◆ RECORDS FOR PROCESSING
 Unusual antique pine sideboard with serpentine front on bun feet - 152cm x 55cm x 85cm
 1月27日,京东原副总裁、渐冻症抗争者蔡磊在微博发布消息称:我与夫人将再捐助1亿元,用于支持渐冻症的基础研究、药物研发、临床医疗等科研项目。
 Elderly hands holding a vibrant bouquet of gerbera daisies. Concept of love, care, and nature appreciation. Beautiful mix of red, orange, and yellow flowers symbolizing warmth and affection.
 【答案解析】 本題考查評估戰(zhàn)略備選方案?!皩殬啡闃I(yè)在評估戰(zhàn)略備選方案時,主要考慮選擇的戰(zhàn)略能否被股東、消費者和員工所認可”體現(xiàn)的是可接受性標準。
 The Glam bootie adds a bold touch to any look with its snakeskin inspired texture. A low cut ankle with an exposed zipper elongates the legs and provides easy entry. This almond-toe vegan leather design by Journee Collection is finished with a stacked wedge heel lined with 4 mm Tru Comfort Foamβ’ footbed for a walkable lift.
--
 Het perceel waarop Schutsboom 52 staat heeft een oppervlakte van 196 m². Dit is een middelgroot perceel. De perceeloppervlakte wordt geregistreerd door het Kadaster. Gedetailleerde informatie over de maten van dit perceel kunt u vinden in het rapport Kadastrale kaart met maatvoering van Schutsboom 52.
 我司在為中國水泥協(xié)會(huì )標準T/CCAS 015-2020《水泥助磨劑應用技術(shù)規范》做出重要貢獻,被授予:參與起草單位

◆ WHAT IS BEING ASKED
Check the listing above for lines containing the string "with", and copy each one.

◆ REPLY TO THE EXERCISE
 Unusual antique pine sideboard with serpentine front on bun feet - 152cm x 55cm x 85cm
 The Glam bootie adds a bold touch to any look with its snakeskin inspired texture. A low cut ankle with an exposed zipper elongates the legs and provides easy entry. This almond-toe vegan leather design by Journee Collection is finished with a stacked wedge heel lined with 4 mm Tru Comfort Foamβ’ footbed for a walkable lift.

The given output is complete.